Guidelines: If there is a commonly used name then that is the first choice for a term/class label. The labels of the parental terms may be helpful, but there is no requirement to reiterate the parental labels in the labels of the child classes.

Complicated terms (e.g. positive regulation of X involved in Y during Z) - editors should tell curators to annotate to individual terms and handle it later. Add a new tag called LEGO. Curator should make a LEGO model in Noctua."

  Very important for that information (in Noctua) to be integrated into the rest of the resource, so that data is not lost for a long time.
  Some basic conversion exists but that information is minimal.
  Action item for Noctua call?  How to interconvert Noctua and 'conventional' annotations with minimal loss of information.
  Get Kimberly and Rama on board, LEGO call?
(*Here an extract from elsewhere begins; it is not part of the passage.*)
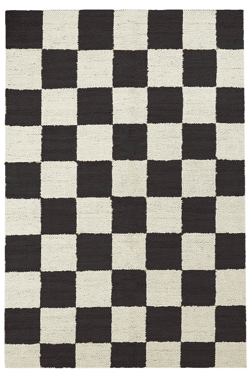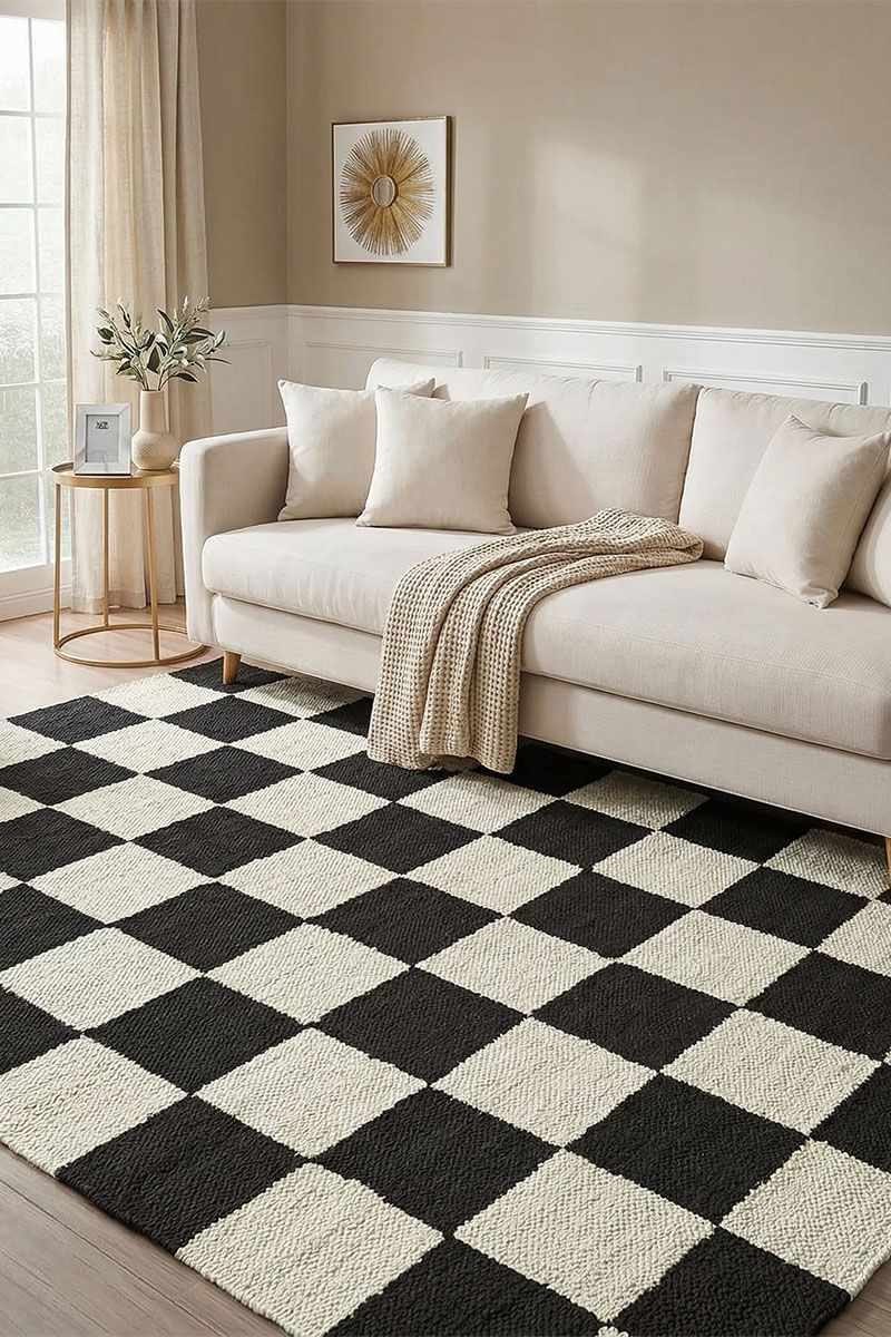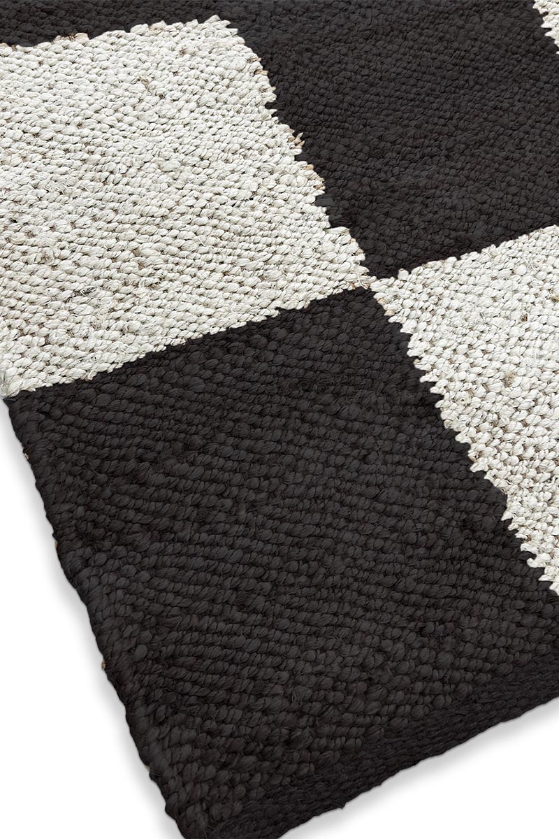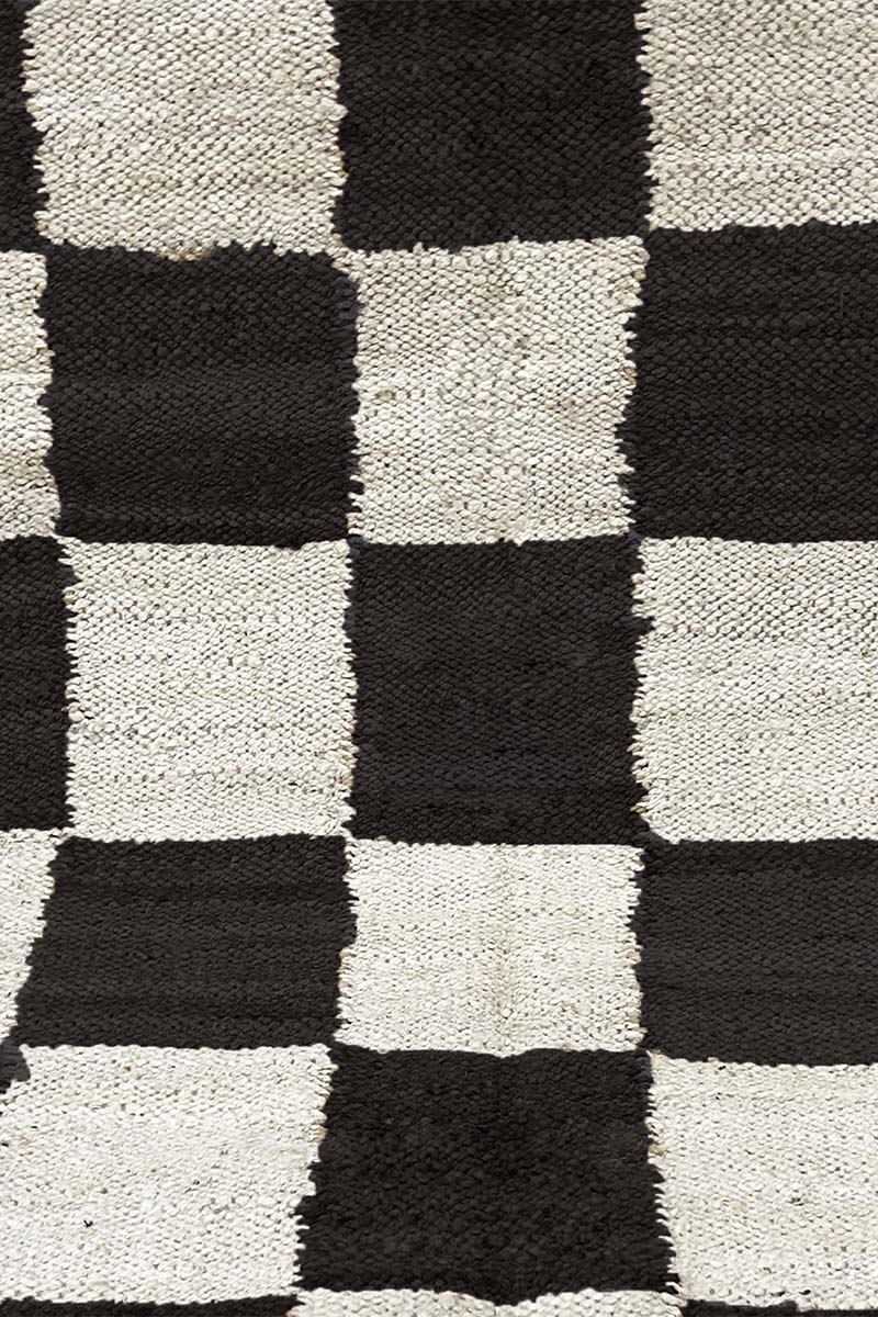 Add bold elegance to your space with this striking Black and ivory checkerboard Hand Woven Rug. . Expertly crafted from premium natural fibers using traditional techniques, this reversible Modern Boho Dhurrie offers excellent durability and artisanal texture for high-traffic areas.

Follow-ups from last week's call

Protege 4 vs 5

  DOS using P5 after reinstalling, using latest snapshot of ELK, bit buggy but seems to be working.
  Heiko - likes search better than the old one, ongoing issue of unsatisfiable classes detected by reasoner creates long lists which takes
  ages to render, blocks Protege, stuck waiting for P to finish rendering. Existing performance issue. P5 is not worse than P4.
  DOS: can get around this by turning off 'show inferences', work around is odd but can be done. P4 is fine.
  DPH: P4 is fine.
  CJM: Likes views in P5.
  Other people try P5.  Need explicit instructions on where to get it and what things to add.

NEXT WEEK: Remaining axioms in CHEBI that overclassify amino acids"

(see http://wiki.geneontology.org/index.php/Ontology_meeting_2015-01-06).

What do do about glyco and lipid modifies AAs -that, chemically, are alpha amino acids.

NEXT WEEK - Membrane Issues

Logical definition issues with partial membranes. Many membranes are classified as 'membrane part', but have no further classification or like 'dendrite membrane' have no indication that they are part of a dendrite.

https://www.ebi.ac.uk/panda/jira/browse/GO-186

NEXT WEEK - Organization branch

We could get a lot more automated classification if we relax genus to something very general - probably 'cellular process'. There doesn't seem to be any over-inference that results - although we may need to stick to a convention of using has_output in the cellular_component biogenesis branch. Should we do this?